▶ _YOUR GOAL_
A word-for-word copy of the listing is required, and it must contain no pictures.

▶ _COLLECTED MATERIAL_
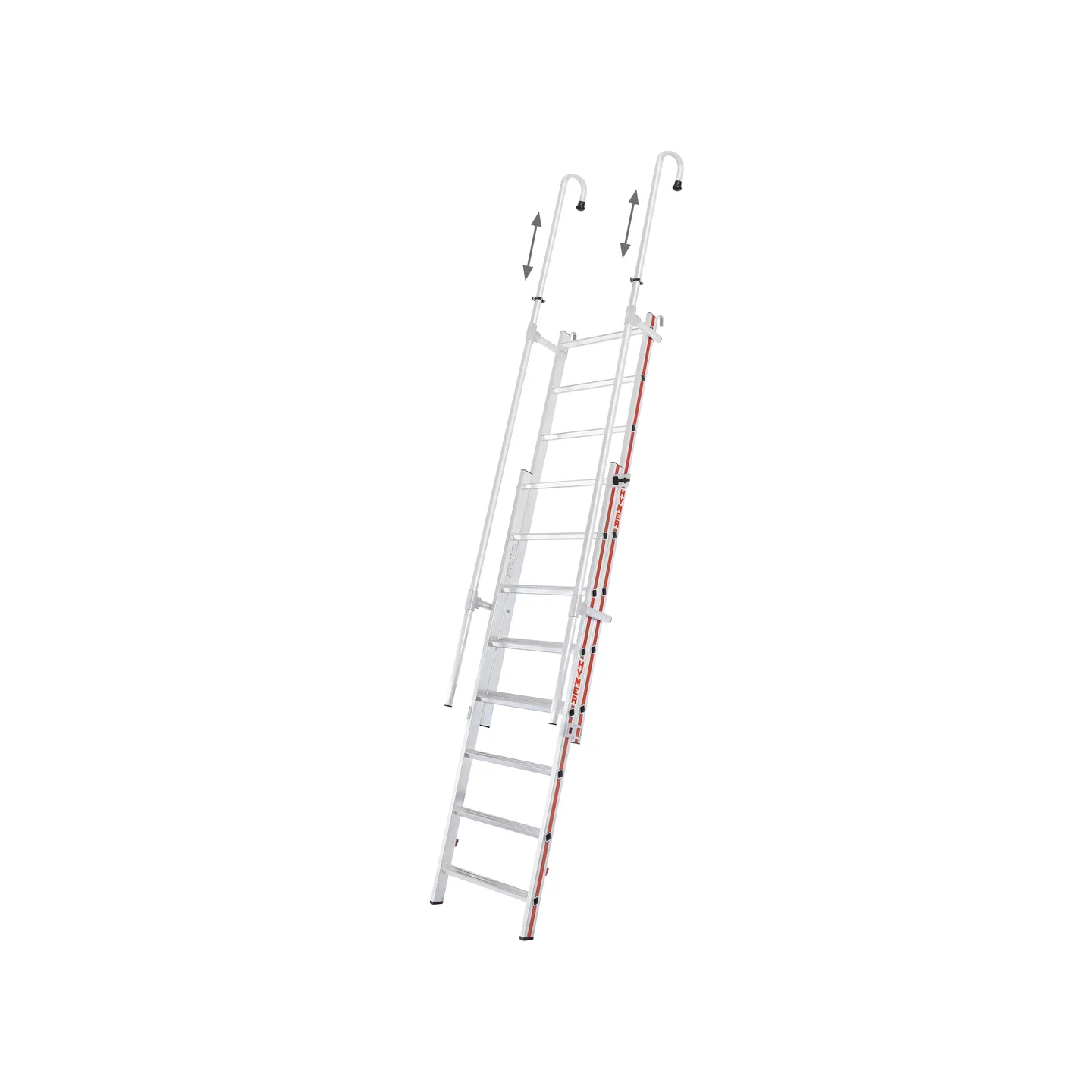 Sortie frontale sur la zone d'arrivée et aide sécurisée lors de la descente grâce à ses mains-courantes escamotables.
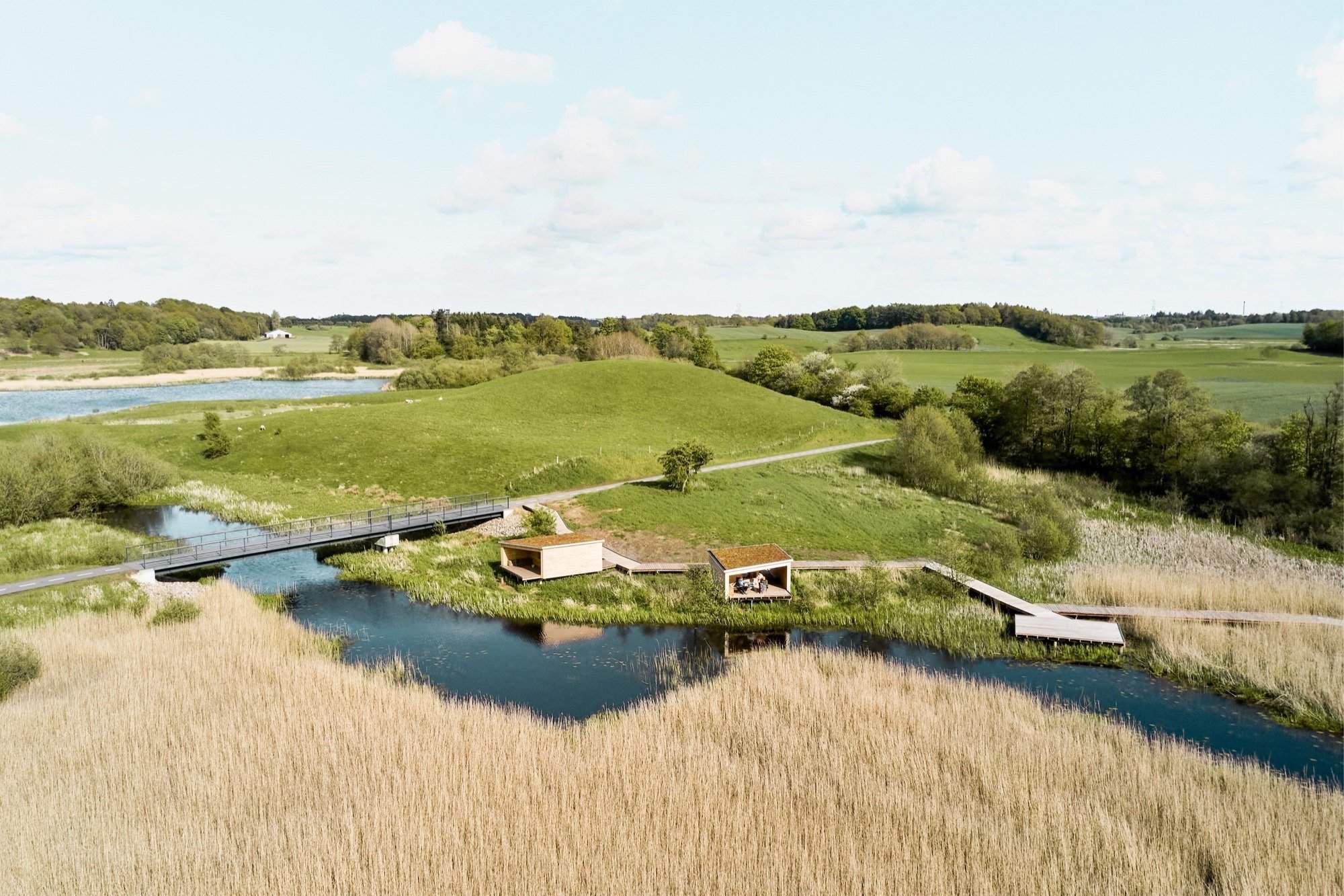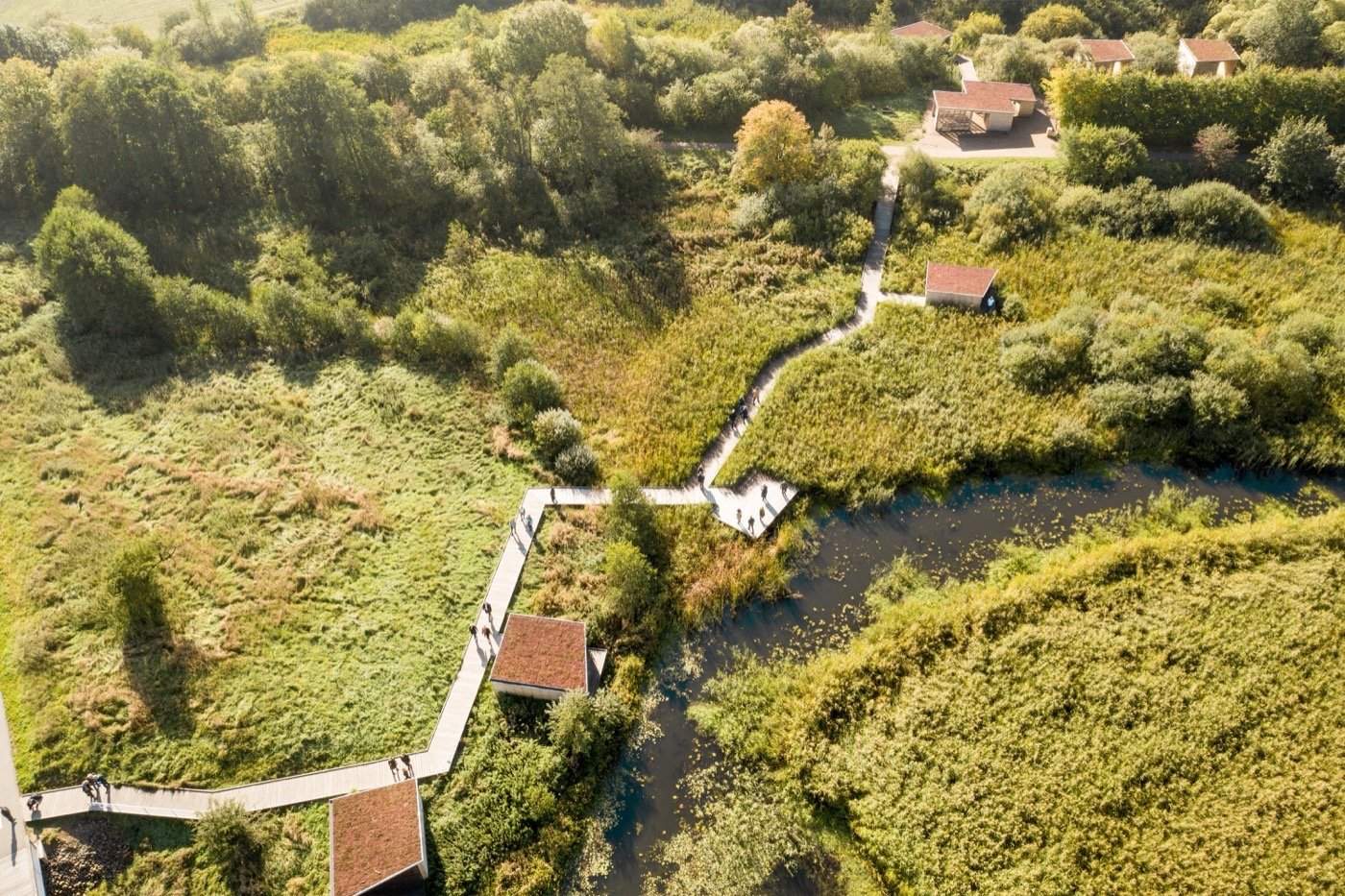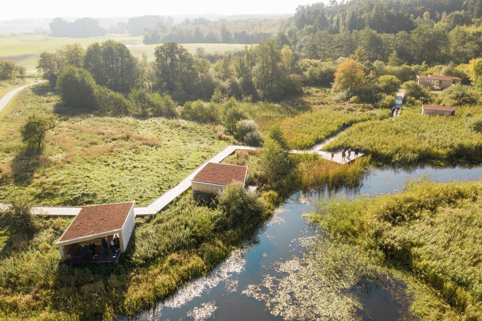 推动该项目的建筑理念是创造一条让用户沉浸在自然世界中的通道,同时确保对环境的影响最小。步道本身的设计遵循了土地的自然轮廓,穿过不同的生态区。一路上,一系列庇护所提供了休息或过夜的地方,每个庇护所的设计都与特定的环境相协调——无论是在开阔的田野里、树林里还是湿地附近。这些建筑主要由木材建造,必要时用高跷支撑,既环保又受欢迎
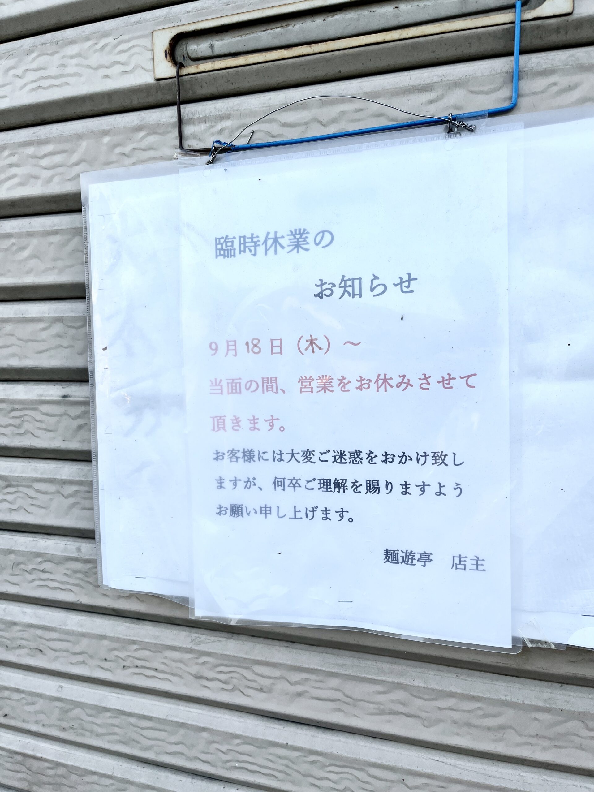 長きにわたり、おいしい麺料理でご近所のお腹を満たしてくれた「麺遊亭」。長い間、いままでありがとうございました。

▶ _FINISHED TASK_
 Sortie frontale sur la zone d'arrivée et aide sécurisée lors de la descente grâce à ses mains-courantes escamotables.
 推动该项目的建筑理念是创造一条让用户沉浸在自然世界中的通道,同时确保对环境的影响最小。步道本身的设计遵循了土地的自然轮廓,穿过不同的生态区。一路上,一系列庇护所提供了休息或过夜的地方,每个庇护所的设计都与特定的环境相协调——无论是在开阔的田野里、树林里还是湿地附近。这些建筑主要由木材建造,必要时用高跷支撑,既环保又受欢迎
 長きにわたり、おいしい麺料理でご近所のお腹を満たしてくれた「麺遊亭」。長い間、いままでありがとうございました。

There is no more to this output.